LemonHarness Technical Report
Pith reviewed 2026-06-26 00:04 UTC · model grok-4.3
The pith
LemonHarness unifies runtime boundaries, callable rules, and time awareness to stabilize long-horizon LLM agent execution.
A machine-rendered reading of the paper's core claim, the machinery that carries it, and where it could break.
Core claim
LemonHarness establishes an explicit execution boundary by constraining state-changing operations within a clearly defined workspace and bringing model invocation, tool execution, and rule knowledge within a single controlled boundary. State-changing operations, including file writes, dependency installation, and temporary artifact creation, are executed through structured tool interfaces, with execution feedback recorded as observations available to subsequent model decisions. The system also introduces a reusable rule knowledge base, which turns recurring execution rules and acceptance criteria into runtime knowledge. LemonHarness further adds a time-aware execution mechanism that exposes
What carries the argument
LemonHarness integrated execution framework that enforces a unified runtime boundary, exposes callable rule knowledge, and supplies time-budget signals to the model.
If this is right
- State changes become observable and reversible because every write or artifact creation returns structured feedback.

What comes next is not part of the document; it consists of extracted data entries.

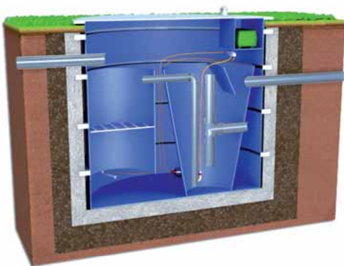
Vertikální řez ČOV TP - 8EO

Z aktivačního prostoru voda vtéká do dosedací nádrže spojovacím potrubím, kde se vyčištěná voda odděluje od aktivovaného kalu a přes odtokový systém je odváděna do kanalizace. Dosazovací prostor je kuželového tvaru, kde je recirkulace kalu zajištěna pomocí přečerpávacího potrubí zpět do nátokového prostoru. Hladina dosazovacího prostoru je provzdušňována pro rozbourání vyflotovaného kalu. Vyčištěná voda je přes odtokový systém odváděna do kanalizace, se souhlasem vodohospodářského orgánu lze tuto vyčištěnou vodu vypouštět do recipientu, dešťové kanalizace, trativodu, či jí akumulovat a použít k závlahám. Vzduchování je zajištěno membránovým dmychadlem, které je napojeno do rozvaděče vzduchu z kterého je vzduchování rozvedeno do jednotlivých částí. Membránové dmychadlo je řízeno časovými spínacími hodinami. Účinnost čištění se pohybuje v rozmezí 90-95%.
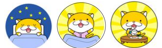
はやね・はやおき・あさごはん

朝ごはんを食べるためには、早寝・早起きはかせませせん。寝ている間にも、脳は活発に働いていて、朝起きた時には、脳のエネルギーは空っぽになっています。しっかり朝ごはんを食べて、エネルギーをまんたんにして、元気に登校しましょう。
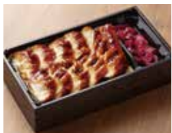
〈博多魚がし〉うなぎ重(1折) .....1,498円 【本館地下1階=鮮魚】
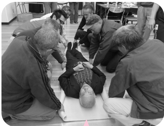
毛布1枚あれば人を搬送できることを学びました

- Recurring rules no longer need to be re-prompted each round because they live in a callable knowledge base.
- Models can shift effort among exploration, coding, and validation as remaining time shrinks, reducing timeout failures.
- Long-horizon runs accumulate fewer untracked file modifications across multiple agent rounds.
Where Pith is reading between the lines
- The same boundary pattern could be applied to non-agent tool-use loops that also suffer from invisible side effects.
- Time-budget exposure might be generalized to token or memory limits in other agent scaffolds.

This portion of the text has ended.